To the Technology Community:
Your threat model just changed.

Incoming President Donald Trump made campaign promises that, if carried out, threaten the free web and the rights of millions of people. He has praised attempts to undermine digital security, supported mass surveillance, and threatened net neutrality. He promised to identify and deport millions of your friends and neighbors, track people based on their religious beliefs, and suppress freedom of the press.

And he wants to use your servers to do it.

Today, we are calling on the technology community to unite with the Electronic Frontier Foundation in securing our networks against this threat.

Encrypt: Use HTTPS and end-to-end encryption for every user transaction, communication, and activity by default.

Delete: Scrub your logs. You cannot be made to surrender data you do not have.

Reveal: If you get a government request to monitor users or censor speech, tell the world.

Resist: Fight for user rights in court, on Capitol Hill, and beyond.
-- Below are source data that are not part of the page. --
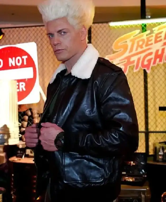 Shop Cody Rhodes Street Fighter Trailer Launch Party 2026 Shearling Black Aviator Bomber Leather Jacket
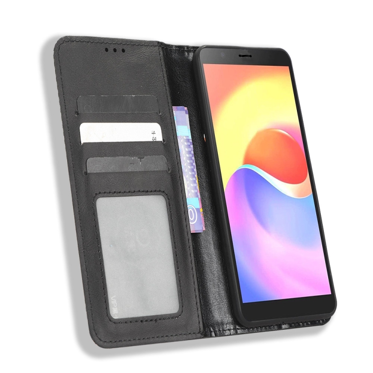 Funda de Cuero para ZTE Blade A32 con Hebilla Magnética y Textura Retro (Negro)
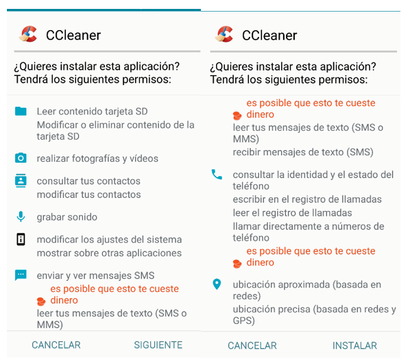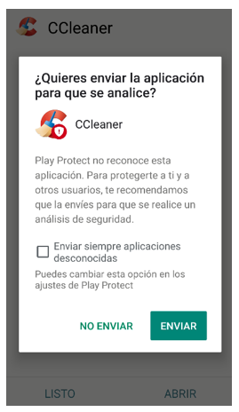 Seguidamente ya nos dejará instalar nuestra aplicación ( Ccleaner).
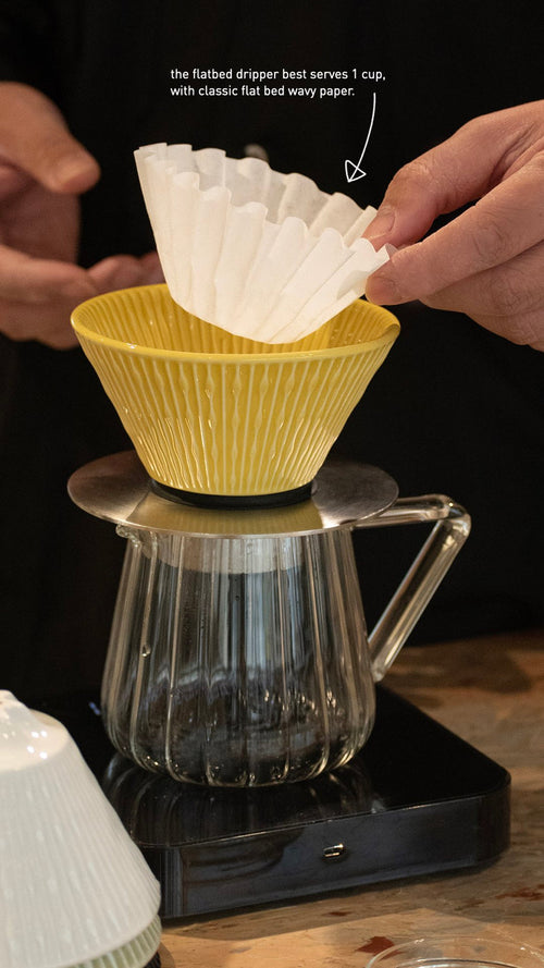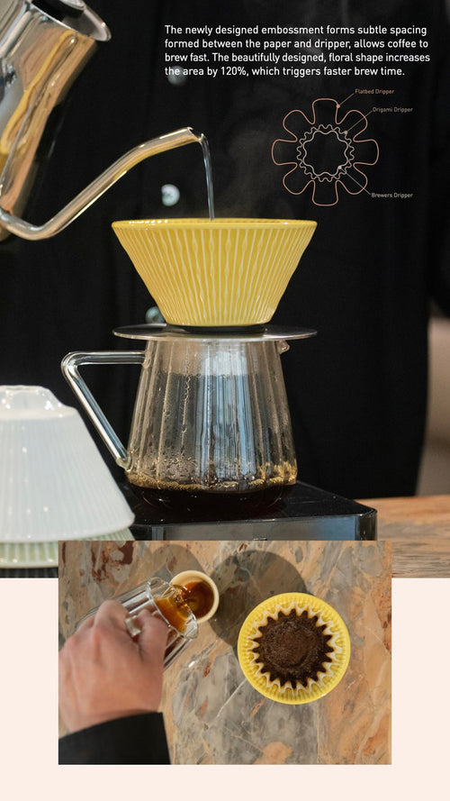 - A fast flowing, flat bed dripper that is heavily engineered to brew different

When you stand with users, we’ll stand with you. EFF has fought for the rights of technology creators and users for 26 years, through four different presidential administrations. As a nonpartisan nonprofit, we combine litigation, activism, and software development to defend civil liberties in the digital world.

The future of our democracy depends on an Internet that is free from censorship and government surveillance. Together we can ensure that technology created to connect and uplift people worldwide is not conscripted into a tool of oppression. Join us in defending users.